A new research network is helping Canada maintain its coveted status as one of the world’s hot spots for digital media.
Animation studios and other digital media companies now have another reason to make Canada their home.
The federal government is investing $23.25 million over five years in a new Network of Centres of Excellence (NCE) that will help develop the technology solutions, talent pool and policy environment needed to sustain and grow a vibrant digital media sector.
Co-located at the University of British Columbia and the Centre for Digital Media on the Great Northern Way Campus (GNWC), the Graphics, Animation and New Media Canada (GRAND) Network represents a key plank in the government’s goal of encouraging jobs and commercialization in strategic sectors. In 2008, Canada’s Science and Technology Innovation Council (STIC) identified information communications technology, including digital media, animation and games, as one of the country’s research and development strengths.
It’s the second major federal investment in digital media over the past year. In January 2009, the Canadian Digital Media Network received $10.7 million as a Centre of Excellence for Commercialization and Research to bring together the tool makers with the tool users, along with the skilled workers and venture capitalists, to boost Canada’s reputation as a growing international powerhouse for digital media.
Both networks will also support the government’s highly anticipated national digital economy strategy, expected for release in 2010.
“Today’s digital media is about much more than new media, animation and games,” explains Dr. Gerri Sinclair, GRAND’s executive director and CEO of the GNWC’s Centre for Digital Media. “It’s IT, arts, design, web applications and e-learning. It’s social networking as well as complex modeling, simulations and image processing in medicine, science and the entertainment industry. It’s also about high-paying jobs and quality of life, and that requires new skills, new applications and a supportive policy environment.”
GRAND will support 32 projects clustered around five themes: New Media Challenges and Opportunities; Games and Interactive Simulation; Animation, Graphics and Imaging; and cross-cutting themes of Social, Legal, Economic and Cultural Perspectives and Enabling Technologies and Methodologies. The network involves 56 network investigators, researchers at 19 universities, as well as about 35 public and industry partners, including Autodesk, BioWare/Electronic Arts, Deluxe Postproduction, Rapid Mind, Rogers Communications and Side Effects.
“Many software tools are converging because everything is going digital,” says Dr. Kellogg Booth, scientific director of GRAND. “For example, we have projects looking at how animation software can be adapted for use by architects and the construction industry for computer-aided design. Other projects are looking at new techniques for computer animation, to make animated characters move and act in a more human like way.”
Project teams will include researchers from the social sciences and humanities who will study the social, legal, political, economic and cultural issues related to new media and the technologies that enable them.
GRAND will hold its inaugural national annual conference in June in Ottawa, where one of the hot topics will be the use of digital media and gaming technologies to help develop skills for visibility impaired, blind or mobility challenged people.
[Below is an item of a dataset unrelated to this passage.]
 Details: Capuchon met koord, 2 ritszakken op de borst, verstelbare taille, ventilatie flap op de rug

Researchers at the NeuroDevNet network, another NCE at UBC, are interested in partnering with GRAND Network researchers to look at how digital media and “biofeedback” game technology may be used to treat children with syndromes such as attention deficit disorder or autism.
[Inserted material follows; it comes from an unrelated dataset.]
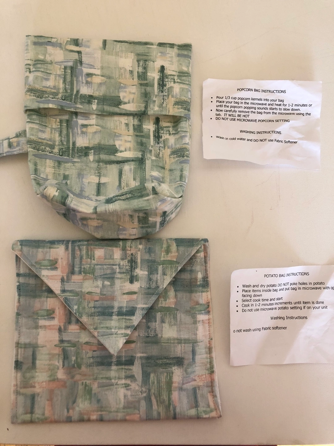 Set of two reusable fabric bags. One for popcorn and one for potatoes. Microwave safe. Features an abstract pattern material. Includes care instructions. Never used. Could give as a gift. Yonge/Davisville pick up.

“There’s a trend towards the ‘gameification’ of communications and education,” says Dr. Sinclair. “The idea is that you can get people to pay more attention to what you’re saying if it’s part of a game. We also want to study whether this is actually true or an urban myth.”
Another project is examining the use of high-end virtual reality systems and tactile feedback technology (haptics) to teach medical students and surgical residents a number of diagnostic and clinical procedures. These include prostate biopsies, laparoscopic gall bladder removal, and some specific cardiac and neuro-endoscopic interventions.
The use of virtual reality as a digital medium for training healthcare professionals can allow for more effective teaching at a lower cost. Digitally archived case studies can be selected to provide a richer curriculum for a wide range of healthcare professionals.
“Now we’re talking about using digital media to save lives,” says Dr. Booth. “The potential applications really are limitless.”